I Thought My Story Was About Health. I Was Wrong. By Dede Murff, MCHC
Finding Your Anchor: How Life's Storms Teach Us What Really Matters
For years, I thought my story was about health.
After all, that's what people saw.
They saw the woman who was diagnosed with rheumatoid arthritis and refused to accept that her future would be defined by pain, medication, and limitation. They saw the woman who lost 45 pounds, placed her autoimmune disease into remission, became a Master Certified Health Coach, and spent more than a decade helping other women rewrite their own health stories.
But recently, I realized something.
My story was never really about health.
It was about learning how to stay anchored when life didn't go according to plan.
My Father's Lesson
Long before I became a health coach, I was a daughter watching resilience modeled every day. My father, who recently passed away at the age of 95, had what would be considered very little by the world's standards. He lost his own father when he was young and had only a limited formal education. Yet he built a beautiful life with my mother, raised six children, owned the grocery store he had always dreamed of owning, and loved people with extraordinary generosity.
He never seemed to view life through a half-empty glass. In fact, if you asked me, my dad saw life as three-quarters full.
He taught me that success isn't measured by titles, money, or accomplishments. Success is measured by faith, family, perseverance, and the lives you impact along the way.

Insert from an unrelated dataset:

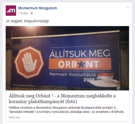 A meglévő ellenzéki pártoktól máskor oly nagyon különbözni vágyó Momentum is folytatja az MSZP és Együtt által megkezdett utat, ők is plakátokat alakítanak át. Hétfő reggel büszkén osztotta meg a párt Facebook-oldalán a hvg.hu cikkét, amelyben az szerepel: „Hétfőre virradóra a Momentum Mozgalom aktivistái Budapest több pontján is »támadást intéztek« a kormány konzultációs plakátjai ellen.” Mivel a párt megosztotta a cikket, láthatóan nem is tagadják tettüket. A plakátátragasztás híre a Momentum híveinél sem aratott osztatlan sikert. Idézzünk egy kommentet: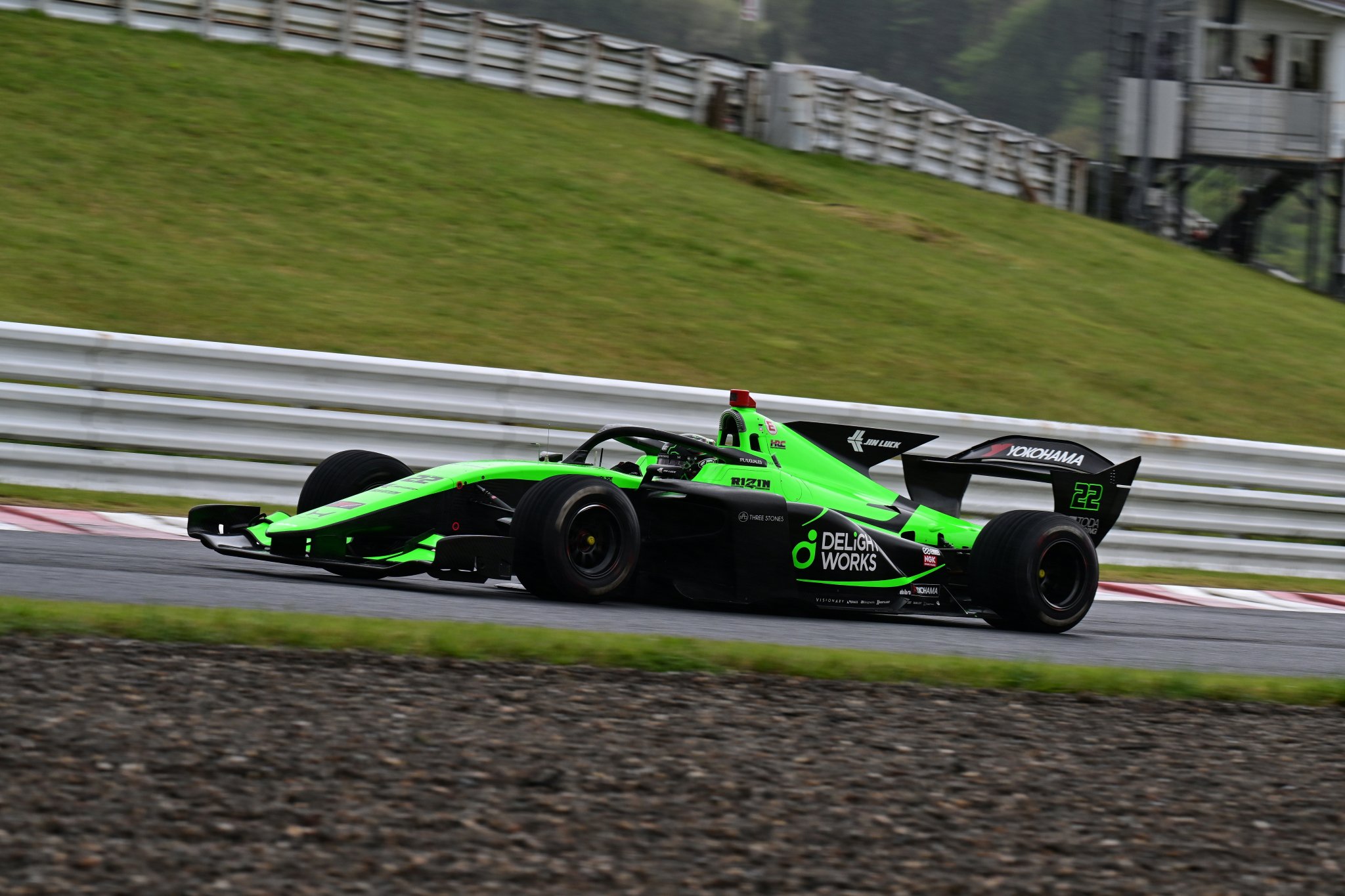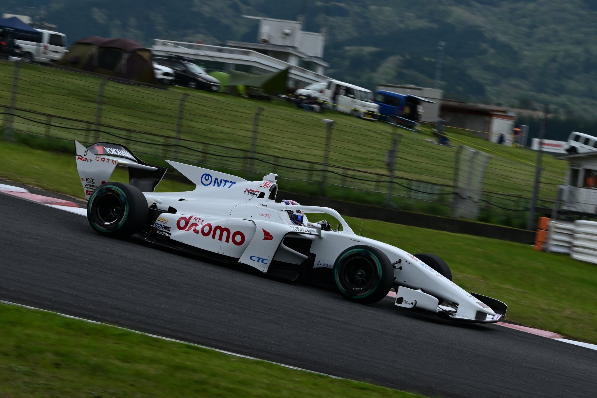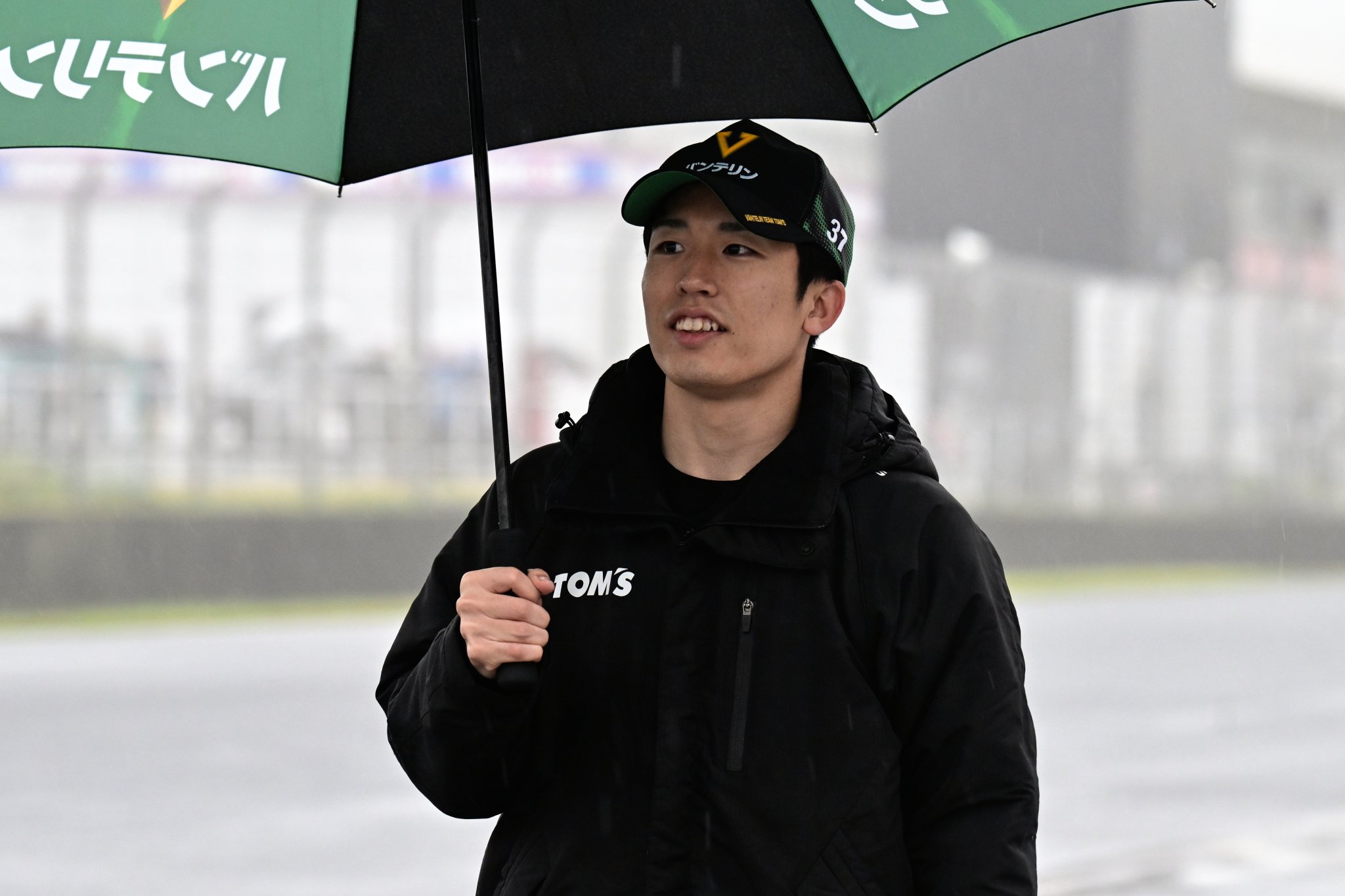 4月25、26日に大分・オートポリスで開催された全日本スーパーフォーミュラ選手権第3戦。決勝日は朝から断続的に雨が降る不安定な天候となった。予選1位のNo.1 岩佐歩夢(TEAM MUGEN AUTOBACS)らがセーフティカー先導でスタートを切ったが、すぐに赤旗が提示されて中断。その後再開叶わず、残念ながら中止となっている。

I didn't realize it then, but those lessons would become the anchors I would need later in life.
Storms I Never Anticipated
Over the years, I have faced storms I never anticipated: chronic illness, supporting my husband through a heart attack, raising five children-including four through foster care and international adoption-navigating grief, family challenges, disappointment, and seasons where the future felt uncertain.

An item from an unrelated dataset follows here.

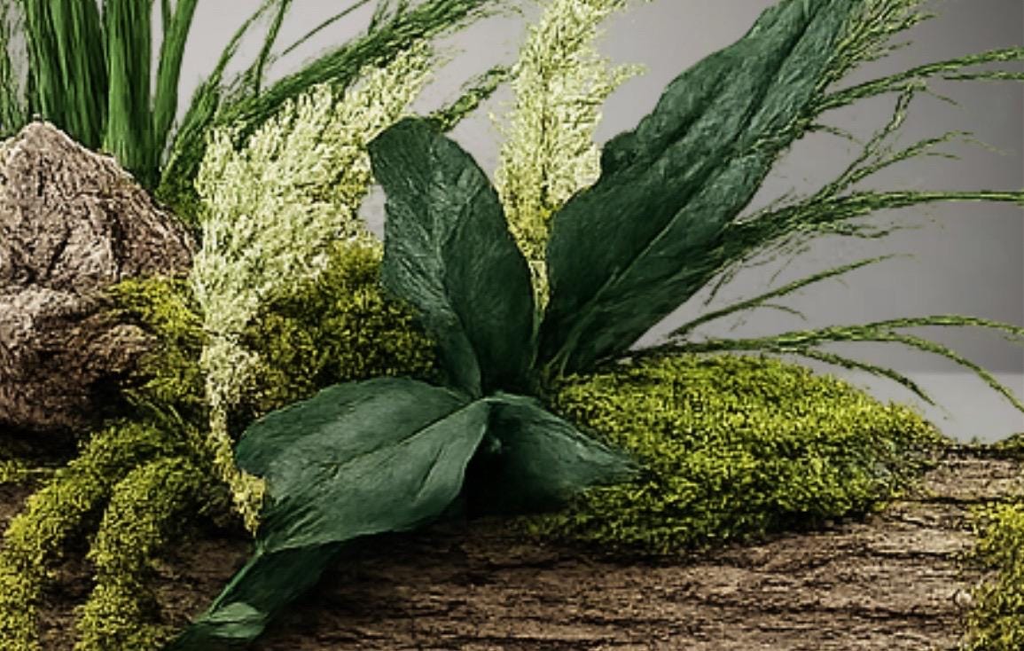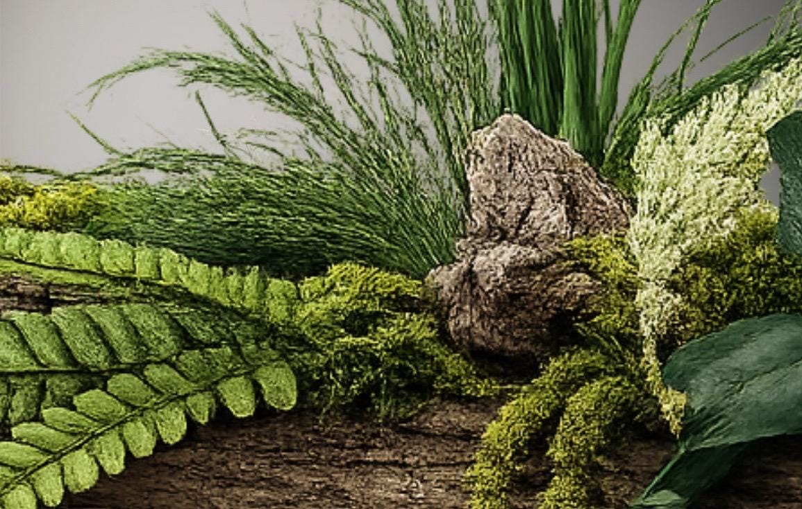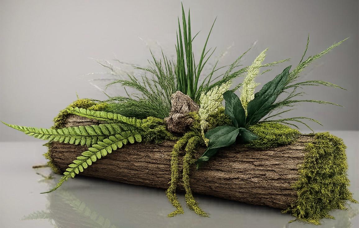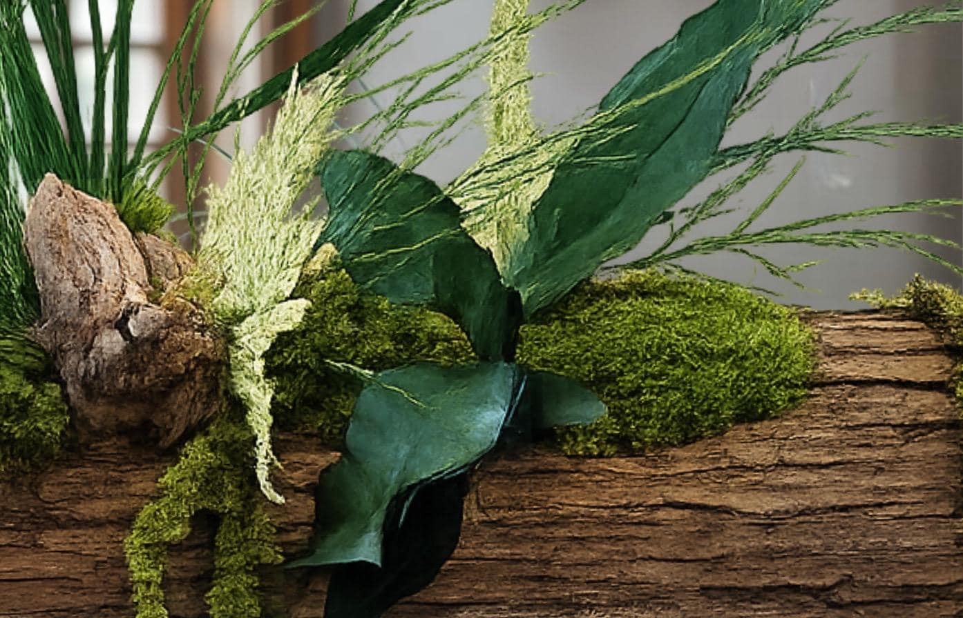 • Végétaux : mousses, fougères et feuillages stabilisés

Like many women, I spent years believing that if I just worked harder, prayed harder, learned more, or controlled more, life would eventually become predictable.
It didn't.
And perhaps that's one of life's greatest gifts.

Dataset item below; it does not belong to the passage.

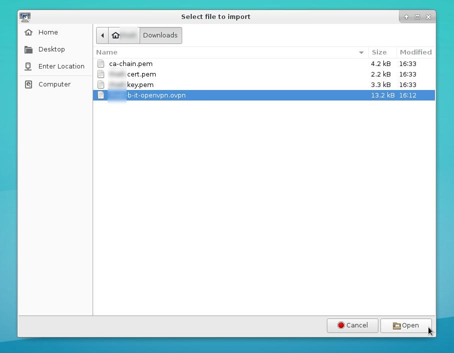 Wählen sie die Datei aus, die auf ”.ovpn” endet aus:

Because when everything you thought would hold you steady begins to shift, you discover what actually anchors you.
What Women Need Most
Today, as a keynote speaker and health coach, I have the privilege of walking alongside women who often feel unhinged by life's circumstances. They come carrying grief, health challenges, broken dreams, family struggles, unexpected diagnoses, and questions they never thought they'd have to ask.
What they need most isn't another quick fix.
They need an anchor.
They need to know that resilience isn't about avoiding storms. It's about learning how to remain steady in the middle of them.
Don't Chase Squirrels
I've also learned another important lesson: don't chase squirrels.
In a world full of distractions, opportunities, trends, and endless advice, it is easy to spend our lives running after things that were never ours to pursue. I've done it myself. But every time I've wandered away from my purpose, life has gently-and sometimes not so gently-called me back to what matters most.
For me, that calling is clear.
I want to help women become anchored.
- Anchored in their faith.
- Anchored in their values.
- Anchored in their purpose.
- Anchored in the truth that their greatest setbacks may actually become the foundation of their greatest impact.
My father's life taught me that.
And if my life reflects even a fraction of the faith, resilience, love, and integrity that he modeled so well, then I will consider my own life a success.
Because in the end, our greatest accomplishment isn't what we build.
It's who we become while building it.